Best approach to validation of sensitive values, but not transmitting them

Best approach to validation of sensitive values, but not transmitting them

Old forum URL: forums.lhotka.net/forums/t/11960.aspx


NightOwl888 posted on Saturday, April 27, 2013

I am attempting to rework the AccountController in the MVC4 default template so it uses CSLA rather than SimpleMembership because SimpleMembership didn't meet my requirements.

I am replacing the command-based architecture with CSLA business objects. Right now I am working with the UserRegister business object, which codifies the Register User scenario.

However, I have run into a snag in that I want to validate that the user entered a password and a confirm password field that matches, but I don't want to send these two values to the DataPortal (there is a business rule attached to these properties that automatically fills in PasswordHash and PasswordSalt properties when a password is entered).

I don't want to encrypt the connection or the channel to the dataportal - I just want to ensure that the password values are not in the request at all. So, what is the best approach to achieve this?

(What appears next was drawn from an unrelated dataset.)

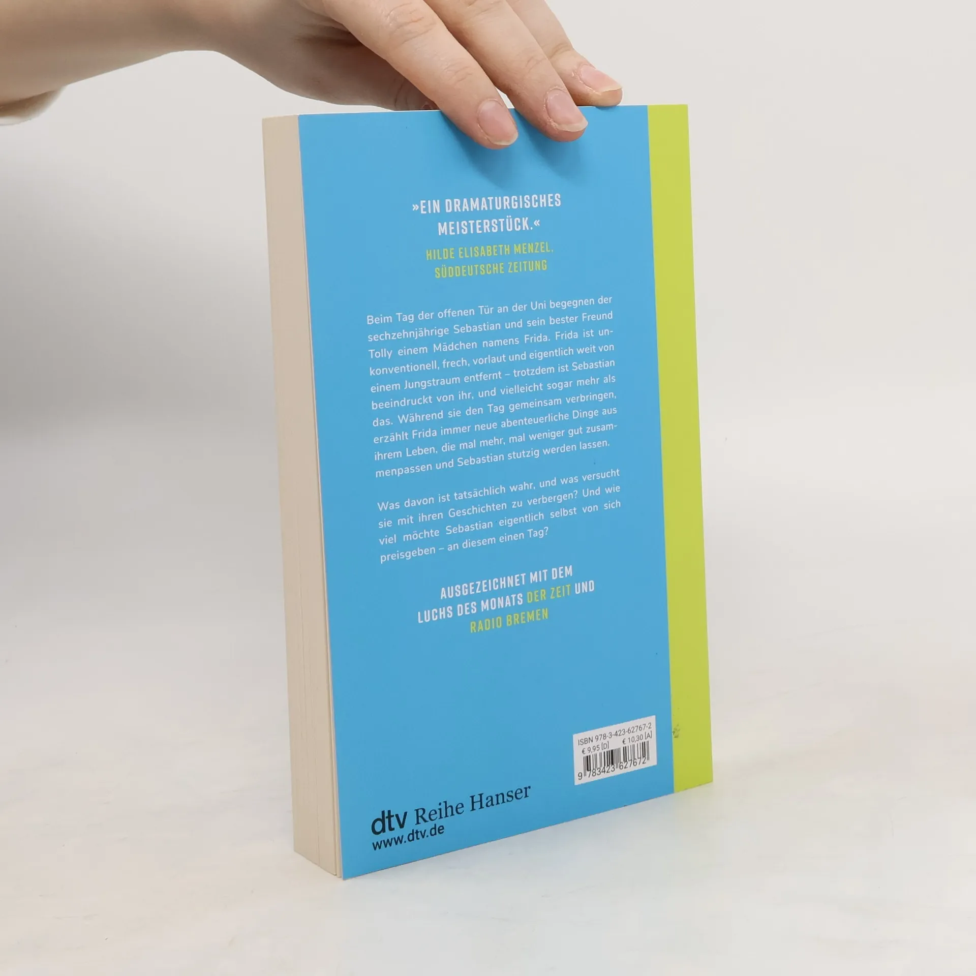 Wie nah kann man sich an nur einem einzigen Tag kommen? Beim Tag der offenen Tür an der Uni begegnet Sebastian dem allerschönsten Mädchen, das er sich vorstellen kann. Natürlich fehlen ihm die Worte, und er kommt sich vor wie der letzte Depp. Doch dann grätscht ein anderes Mädchen dazwischen: Frida ist unkonventionell, frech, vorlaut und eigentlich weit von einem Jungstraum entfernt. Während sie den Tag gemeinsam verbringen, erzählt Frida immer neue abenteuerliche Dinge aus ihrem Leben, die mal mehr, mal weniger gut zusammenpassen und Sebastian stutzig werden lassen. Was ist tatsächlich wahr, und was versucht sie mit ihren Geschichten zu verbergen? Und wie viel möchte Sebastian selbst von sich preisgeben – an diesem einen Tag? Eine große Freundschaftsgeschichte mit rasanten Dialogen.

Clarification: If the DataPortal is running on the client, there is no issue - I just want to eliminate these values from the serialization stream if they are sent across the network. At the same time, I want to ensure validation still passes. Note that I also want to use the real password value for the login scenario that is executed in the same request, so I will also need client-side (controller) access to the password value.

I am using MVC4, .NET 4.5, and CSLA 4.5.20.

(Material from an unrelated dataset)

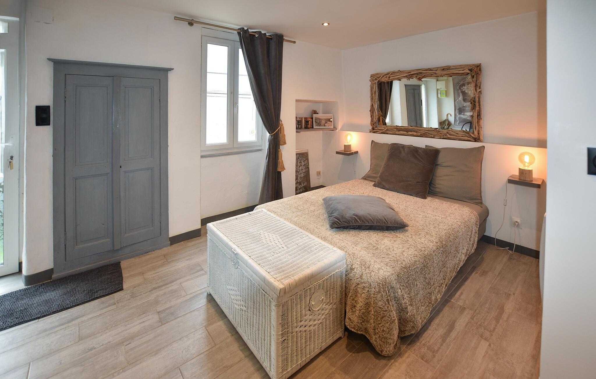 Den varme indretning og de rummelige omgivelser gør det nemt at føle sig hjemme her. Huset, med sin hyggelige terrasse og charmerende detaljer, er perfekt til afslappende stunder efter eventyrlige dage i området. Start dagen med en kop kaffe på terrassen, eller nyd de lune aftener under åben himmel. De tykke stenmurene holder huset behageligt køligt om sommeren, og den åbne stue indbyder til hyggelige stunder sammen. Traditionelle elementer forenes harmonisk med moderne bekvemmeligheder og skaber en ideel oase i smukke Aiguèze.

JonnyBee replied on Saturday, April 27, 2013

Hi,

You could change the password property to private backing field and add NonSerialized attribute to the backing field. 

NightOwl888 replied on Saturday, April 27, 2013

I thought of that, but I couldn't find any examples in the CSLA 4 book that show how to make a property with a private backing field that also has a static accessor property so the validation and hashing rules can run on it. Can you show me just how that would be done?

JonnyBee replied on Sunday, April 28, 2013

Csla 4 ships with a set of snippets and templates. See the Csla Cheat Sheet here http://www.lhotka.net/files/csla40/CSLA4CheatSheet.pdf

The snippet you want is cslapropp 

Here is how the property should be defined:

    public static readonly PropertyInfo<string> PasswordProperty = 
RegisterProperty<string>(c => c.Password, RelationshipTypes.PrivateField);     [NonSerialized]     private string _password = PasswordProperty.DefaultValue;     public string Password     {       get { return GetProperty(PasswordProperty, _password); }       set { SetProperty(PasswordProperty, ref _password, value); }     }

NightOwl888 replied on Sunday, April 28, 2013

You beat me to it. I found the same answer it on page 35 of the "Objects" ebook. I have confirmed it does not send the password value to the DataPortal - not even if it is running on the client.